The Pendulum Swings
posted by Frank Pasquale
Sometimes an editorialist does a particularly good job explaining a wide range of stories. Our administrative law archives over the past couple years have become nearly jeremiadic in tone. Though her column was provoked by problems at FAA, Ruth Marcus articulates the common thread tying many of the posts together:
Turns out, the FAA “did not ensure that its inspectors carried out critical safety inspections,” and . . . far from being unique to Southwest, these lapses were “symptomatic of much deeper problems with FAA’s oversight.” The lapses are symptomatic . . . of much deeper problems across the government. These are not outbreaks of sheer, “heck of a job” incompetence. There is some of that, certainly, but this administration’s allergy to government intervention and affection for the private sector have contributed to a spate of regulatory failures, from lead in imported toys to dangerous prescription drugs to subprime mortgages.

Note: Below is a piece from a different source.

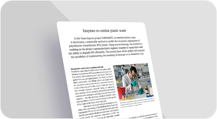 Enzymes to combat plastic waste In the Nano-Argovia project NANOdePET, an interdisciplinary team is developing a sustainable method to enable the enzymatic degradation of polyethylene terephthalate (PET) plastic. Using nanotechnology, the researchers working on the project supramolecularly engineer enzymes to equip them with the ability to degrade PET e昀케ciently. The second phase of the project will examine the possibility of implementing the resulting technology on an industrial scale. Demand for sustainable recycling methods Worldwide, more than 55 million tons of the plastic poly- ethylene terephthalate (PET) are produced every year, and this volume will continue to rise in the future. The main applications are packaging (bottles and 昀椀lms) as well as fabrics and textiles. Accordingly, there is an urgent need for innovative measures to prevent a continuous increase in the environmental burden and to enable the reuse of this versatile polymeric material. Today, in industrial- ized countries, this is primarily achieved by mechanical methods with subsequent melting down and reuse of the material — but this technique produces harmful waste and only allows a limited number of cycles, as the quality of the material decreases with each cycle. Alternative chemical methods developed so far, Amir Nazemi is preparing a protein quanti昀椀cation assay to study the im- which allow processing of the building blocks back into mobilization ef昀椀ciency and measure the amount of enzyme immobilized high-quality PET, are not only energy-intensive and costly on the silica nanoparticles. (Image: FHNW) but also associated with detrimental waste. One solution would involve the enzymatic degradation of PET, but known PET-degrading enzymes are thermally unstable and costly to use. developed by INOFEA to modify the nanoenvironment of Modified enzymes with improved properties PET-depolymerizing enzymes (ester hydrolases) so that Now, a team of researchers from the FHNW School of Life they exhibit higher stability and a better conversion rate Sciences and School of Engineering is working with the than soluble enzymes. start-up INOFEA to develop a sustainable PET-degradation Using nanotechnological methods, natural en- method based on enzymatic hydrolysis. The researchers, zymes are immobilized on a silica core and stabilized led by Professor Patrick Shahgaldian, are using a platform using arti昀椀cial “chaperones.” A coating of organic silica “This collaboration with FHNW, 昀椀nancially supported by the SNI, o昀昀ers INOFEA an opportunity to expand its portfolio of nano-engineered enzymes and address envi- ronmental concerns by providing a sustainable solution to plastic waste. INOFEA expects to gain a competitive edge and meet market demand for environmentally friendly products.” Dr. Rita Correro, INOFEA SNI INSight June 2024 10

The course of these events traces a depressingly familiar arc: paeans to the free market followed by disaster followed by grudging acceptance of regulation. Just a year ago, Treasury Undersecretary Robert Steel proclaimed that new regulation of financial markets was unnecessary because “sophisticated financial firms have both the direct financial incentives and expertise to provide for effective market discipline.” Right. Just ask Bear Stearns.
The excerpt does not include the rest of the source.